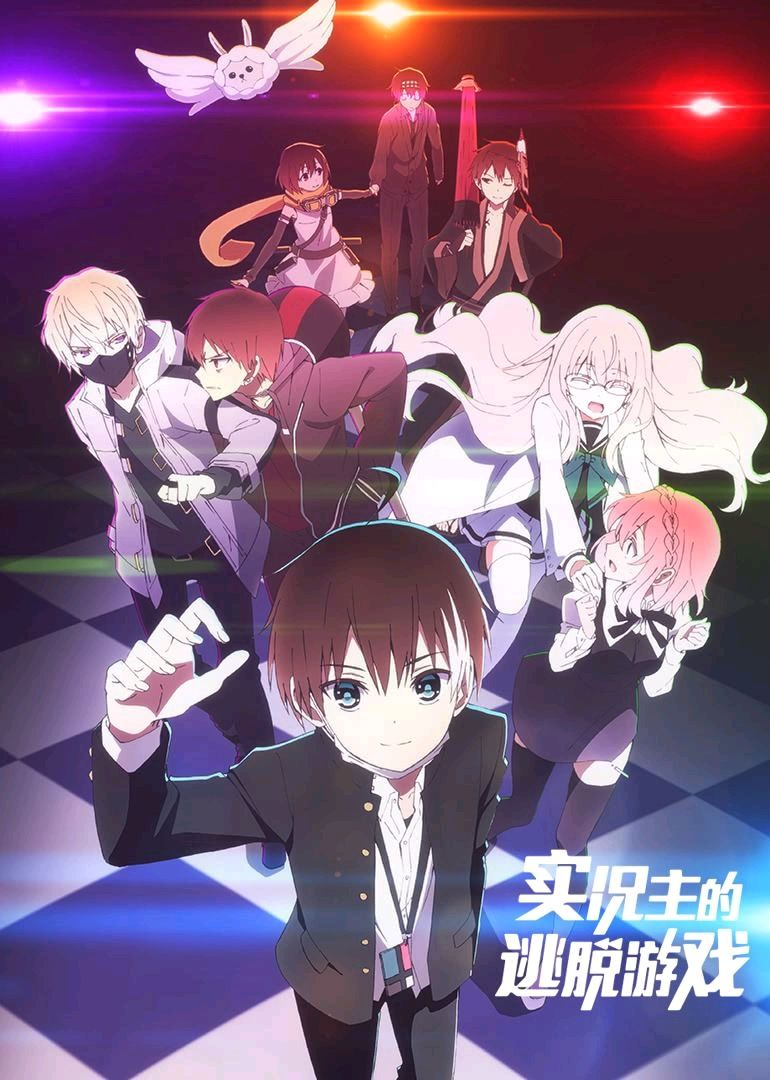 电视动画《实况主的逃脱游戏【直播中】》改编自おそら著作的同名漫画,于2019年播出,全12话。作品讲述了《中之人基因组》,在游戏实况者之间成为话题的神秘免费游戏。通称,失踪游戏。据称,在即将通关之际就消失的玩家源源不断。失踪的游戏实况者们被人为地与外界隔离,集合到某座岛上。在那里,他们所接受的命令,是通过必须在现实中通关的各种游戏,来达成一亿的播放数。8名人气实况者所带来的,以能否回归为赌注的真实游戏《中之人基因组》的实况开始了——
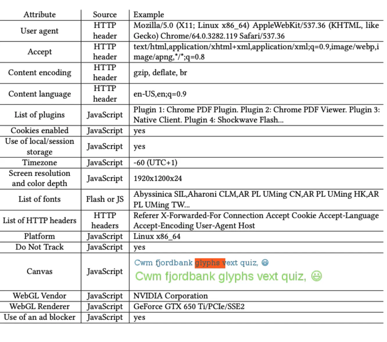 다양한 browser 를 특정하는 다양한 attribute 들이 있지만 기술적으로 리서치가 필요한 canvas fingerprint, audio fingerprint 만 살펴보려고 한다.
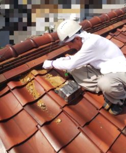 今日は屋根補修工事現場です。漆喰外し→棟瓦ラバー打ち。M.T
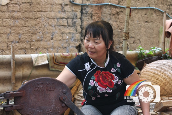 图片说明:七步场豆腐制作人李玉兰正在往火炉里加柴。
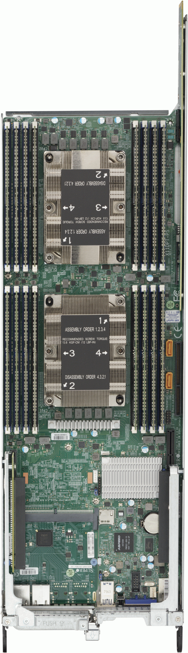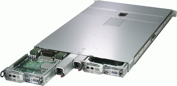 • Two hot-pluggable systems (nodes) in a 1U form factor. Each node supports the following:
——————————
- Exercise details
Give back the data exactly. Pictures stay out.

- Final answer
 电视动画《实况主的逃脱游戏【直播中】》改编自おそら著作的同名漫画,于2019年播出,全12话。作品讲述了《中之人基因组》,在游戏实况者之间成为话题的神秘免费游戏。通称,失踪游戏。据称,在即将通关之际就消失的玩家源源不断。失踪的游戏实况者们被人为地与外界隔离,集合到某座岛上。在那里,他们所接受的命令,是通过必须在现实中通关的各种游戏,来达成一亿的播放数。8名人气实况者所带来的,以能否回归为赌注的真实游戏《中之人基因组》的实况开始了——
 다양한 browser 를 특정하는 다양한 attribute 들이 있지만 기술적으로 리서치가 필요한 canvas fingerprint, audio fingerprint 만 살펴보려고 한다.
 今日は屋根補修工事現場です。漆喰外し→棟瓦ラバー打ち。M.T
 图片说明:七步场豆腐制作人李玉兰正在往火炉里加柴。
 • Two hot-pluggable systems (nodes) in a 1U form factor. Each node supports the following:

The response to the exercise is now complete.